Have Handicap complex, got lot already
They called and want walks done, Take about hour and a half w/ snow blower, They siad 8 bags of ice melt per app it I pay 8.45 bag for ice melt what do I charge for the side walk guy and salt? Thanks


----------



## scotty2222 (Nov 24, 2001)

Is that salt or calcium chloride for 8.45 a bag? Is it 50# or 80# bags


----------



## kyle volz (Oct 13, 2005)

The thing we need to remember with snow & ice removal is not necessarily what it cost, but what's the value. We can always get over cost. 

As far as the sidewalk clearing, here's my two cents on that. What does it cost you per hour to offer that service plus what can you add to that cost based on what you perceive the market can bear. Then "push" the market so all the contractors in your area can make more money. 

The most important thing to remember as I see it is this, PROFIT.


----------



## nailerdog (Oct 7, 2005)

Shouldn't the hourly be the same as with a truck, presuming you're tieing up that truck and guy?


----------



## bridge577 (Sep 30, 2005)

I guess what I wanted to know is how much to pay a sidewalk guy I am just going to have one guy doing side walks?


----------



## Bounty Hunter (Oct 1, 2005)

I always have a shovel man riding in the plow truck. I pay him $10.00/hr. He blows walks, door entrances, and puts down salt+. I charge $30.00/bag for salt +( my cost about $10.00). It takes him about the same time to do the walks and entrances as it does to plow. I don't like the truck driver stopping the truck to blow snow by hand. 

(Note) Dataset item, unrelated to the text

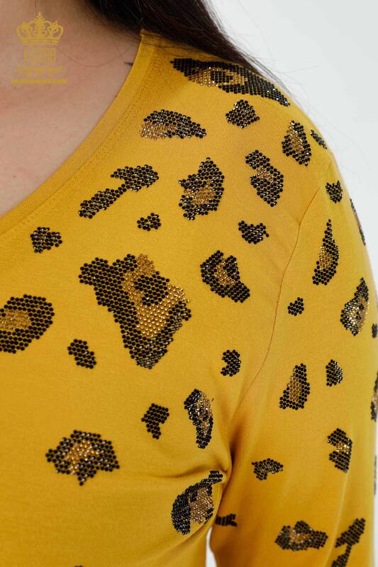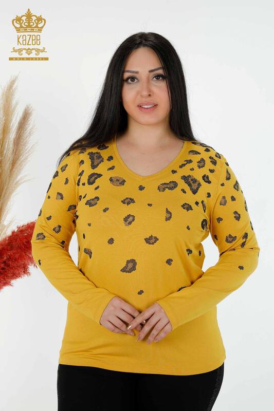 Hurtownia Damska Bluzka Panterka Kamień Haftowany Dekolt w Serek Szafran - 79047 | KAZEE

So lets see how that works out:
Truck driver $15.00/hr
Shovel man $10.00/hr
Salt + $30.00/bag
Truck charge $125.00/hr

Jack


----------



## Ramairfreak98ss (Aug 17, 2005)

Bounty Hunter said:


> So lets see how that works out:
> Truck driver $15.00/hr
> Shovel man $10.00/hr
> Salt + $30.00/bag
> ...


So these are your costs or add these up for your final charge? if you pay your shovel man $10hr, youd want to make $15-$20 as you need to make a profit off him being there right?


----------



## Bounty Hunter (Oct 1, 2005)

I charge $125.00/hr for the truck, including driver. I charge $30.00/hr for the shovel man. I charge $30.00 for bag of salt. 
If I estimated the plowing at 1 hr.----$125.00
Shoveling at .5hr---------------------- 15.00
2 bags of salt--------------------------- 30.00
Total quote--------$170.00


----------